Die neue „ePA für alle“, die ab 2025 Ärzten und Patienten aufgedrückt wird, sei schon jetzt zum Scheitern verurteilt, koste aber Milliarden, ergänzt Dietrich. Besonders heikel sei auch der Plan der EU-Kommission, in Zukunft die Krankheitsdaten aller EU-Bürger zentralisiert bei großen IT-Firmen speichern zu lassen, unter Schaffung eines neuen „EU-Datenraums“. Ob die Bürger diesbezüglich überhaupt Widerspruchsrechte haben werden, diskutierten derzeit EU-Parlament, -Kommission und -Rat – Ausgang ungewiss.
Freiwilligkeit und Datenschutz als Basis einer guten Arzt-Patienten-Kommunikation
„Die Entwendung persönlicher Krankheitsdaten liegt vor allem im wirtschaftlichen Interesse von Gesundheitswirtschaft und IT-Firmen, und die Medizin für die Bürger Europas wird dadurch nicht besser werden!“, so der FÄ-Vorsitzende weiter.

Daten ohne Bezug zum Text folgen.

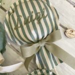 Questo speciale sacchetto a forma di palloncino è confezionato in cotone tinto filo, disponibile in fantasie assortite o a scelta, nei toni del verde e del panna.

Die zahlreichen Hackerangriffe der vergangenen Monate auf Kliniken und andere kritische Infrastrukturen sprächen eindeutig gegen eine zentrale Massenspeicherung und vielmehr für eine dezentrale Sicherung von Gesundheitsdaten.
„Solange es nicht vorrangiges Ziel ist, unter Garantie von Freiwilligkeit und Datenschutz die Kommunikation zwischen behandelnden Ärzten und Patienten zu verbessern, raten wir allen Patienten und den Ärztinnen und Ärzten von der Nutzung der neuen ePA ab“, fasst Dietrich zusammen.